*TASK ITEM:* Repeat each record exactly. Any picture gets left out.

- Opening Delimiter -

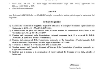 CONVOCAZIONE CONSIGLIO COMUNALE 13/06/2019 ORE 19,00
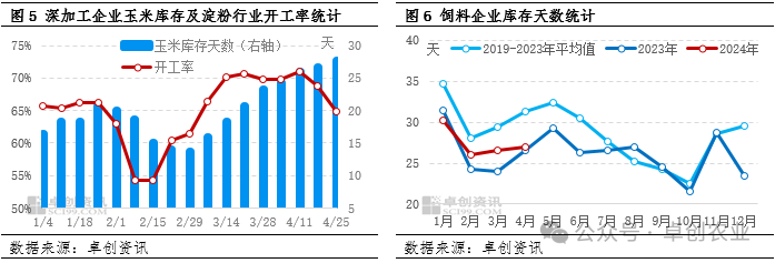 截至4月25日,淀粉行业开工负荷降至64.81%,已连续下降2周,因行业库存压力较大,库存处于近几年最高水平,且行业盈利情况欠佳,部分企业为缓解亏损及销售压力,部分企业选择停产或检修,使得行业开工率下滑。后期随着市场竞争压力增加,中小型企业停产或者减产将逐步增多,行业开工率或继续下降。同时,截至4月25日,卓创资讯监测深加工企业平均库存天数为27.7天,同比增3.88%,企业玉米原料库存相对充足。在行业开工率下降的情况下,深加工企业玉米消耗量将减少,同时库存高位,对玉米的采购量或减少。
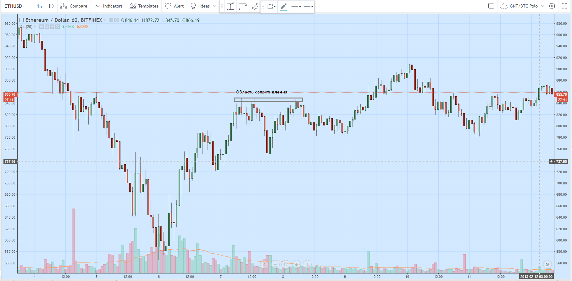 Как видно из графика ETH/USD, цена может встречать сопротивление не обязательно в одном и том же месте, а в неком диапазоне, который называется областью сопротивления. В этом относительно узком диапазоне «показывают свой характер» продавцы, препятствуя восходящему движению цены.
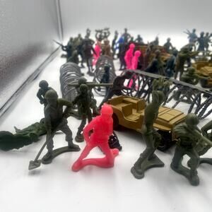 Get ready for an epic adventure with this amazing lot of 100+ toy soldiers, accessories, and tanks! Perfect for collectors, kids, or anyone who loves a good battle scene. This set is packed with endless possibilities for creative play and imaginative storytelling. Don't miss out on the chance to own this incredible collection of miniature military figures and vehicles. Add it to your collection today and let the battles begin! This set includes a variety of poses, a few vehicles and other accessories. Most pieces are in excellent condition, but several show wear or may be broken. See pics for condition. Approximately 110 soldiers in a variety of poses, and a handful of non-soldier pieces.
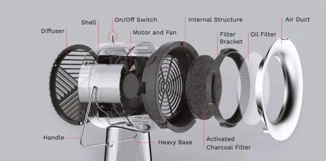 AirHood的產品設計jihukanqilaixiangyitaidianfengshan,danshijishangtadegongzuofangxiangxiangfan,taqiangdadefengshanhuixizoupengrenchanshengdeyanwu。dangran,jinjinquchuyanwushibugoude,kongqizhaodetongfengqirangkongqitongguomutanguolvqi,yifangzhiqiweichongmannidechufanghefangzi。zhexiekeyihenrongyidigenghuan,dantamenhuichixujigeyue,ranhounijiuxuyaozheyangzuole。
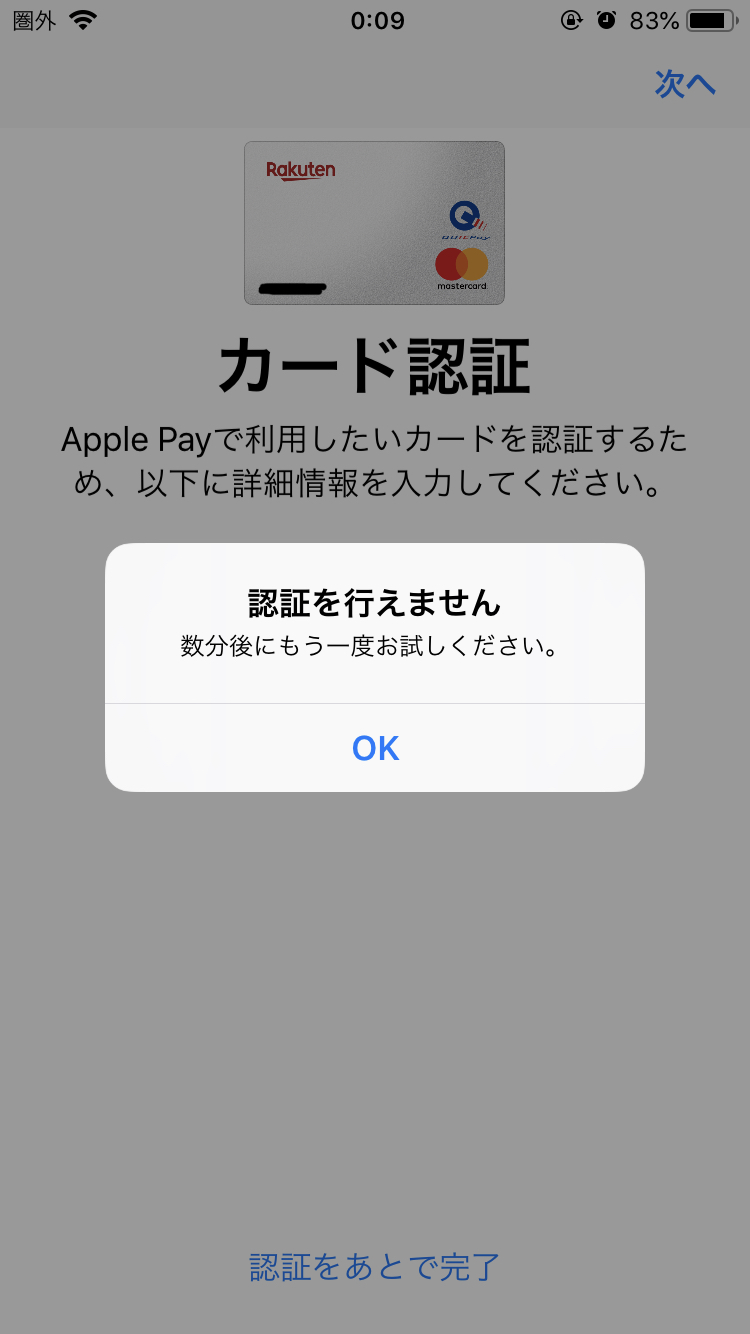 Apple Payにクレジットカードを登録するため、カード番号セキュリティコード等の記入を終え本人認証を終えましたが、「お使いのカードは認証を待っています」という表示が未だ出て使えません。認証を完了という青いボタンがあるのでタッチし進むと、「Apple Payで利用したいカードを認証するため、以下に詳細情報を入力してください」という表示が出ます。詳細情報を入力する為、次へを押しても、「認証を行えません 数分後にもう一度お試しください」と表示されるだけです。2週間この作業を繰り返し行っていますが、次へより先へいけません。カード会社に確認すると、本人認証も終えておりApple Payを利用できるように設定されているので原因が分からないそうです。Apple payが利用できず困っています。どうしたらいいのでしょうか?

- Closing Delimiter -

*SOLUTION TO THE PROBLEM:*
 CONVOCAZIONE CONSIGLIO COMUNALE 13/06/2019 ORE 19,00
 截至4月25日,淀粉行业开工负荷降至64.81%,已连续下降2周,因行业库存压力较大,库存处于近几年最高水平,且行业盈利情况欠佳,部分企业为缓解亏损及销售压力,部分企业选择停产或检修,使得行业开工率下滑。后期随着市场竞争压力增加,中小型企业停产或者减产将逐步增多,行业开工率或继续下降。同时,截至4月25日,卓创资讯监测深加工企业平均库存天数为27.7天,同比增3.88%,企业玉米原料库存相对充足。在行业开工率下降的情况下,深加工企业玉米消耗量将减少,同时库存高位,对玉米的采购量或减少。
 Как видно из графика ETH/USD, цена может встречать сопротивление не обязательно в одном и том же месте, а в неком диапазоне, который называется областью сопротивления. В этом относительно узком диапазоне «показывают свой характер» продавцы, препятствуя восходящему движению цены.
 Get ready for an epic adventure with this amazing lot of 100+ toy soldiers, accessories, and tanks! Perfect for collectors, kids, or anyone who loves a good battle scene. This set is packed with endless possibilities for creative play and imaginative storytelling. Don't miss out on the chance to own this incredible collection of miniature military figures and vehicles. Add it to your collection today and let the battles begin! This set includes a variety of poses, a few vehicles and other accessories. Most pieces are in excellent condition, but several show wear or may be broken. See pics for condition. Approximately 110 soldiers in a variety of poses, and a handful of non-soldier pieces.
 AirHood的產品設計jihukanqilaixiangyitaidianfengshan,danshijishangtadegongzuofangxiangxiangfan,taqiangdadefengshanhuixizoupengrenchanshengdeyanwu。dangran,jinjinquchuyanwushibugoude,kongqizhaodetongfengqirangkongqitongguomutanguolvqi,yifangzhiqiweichongmannidechufanghefangzi。zhexiekeyihenrongyidigenghuan,dantamenhuichixujigeyue,ranhounijiuxuyaozheyangzuole。
 Apple Payにクレジットカードを登録するため、カード番号セキュリティコード等の記入を終え本人認証を終えましたが、「お使いのカードは認証を待っています」という表示が未だ出て使えません。認証を完了という青いボタンがあるのでタッチし進むと、「Apple Payで利用したいカードを認証するため、以下に詳細情報を入力してください」という表示が出ます。詳細情報を入力する為、次へを押しても、「認証を行えません 数分後にもう一度お試しください」と表示されるだけです。2週間この作業を繰り返し行っていますが、次へより先へいけません。カード会社に確認すると、本人認証も終えておりApple Payを利用できるように設定されているので原因が分からないそうです。Apple payが利用できず困っています。どうしたらいいのでしょうか?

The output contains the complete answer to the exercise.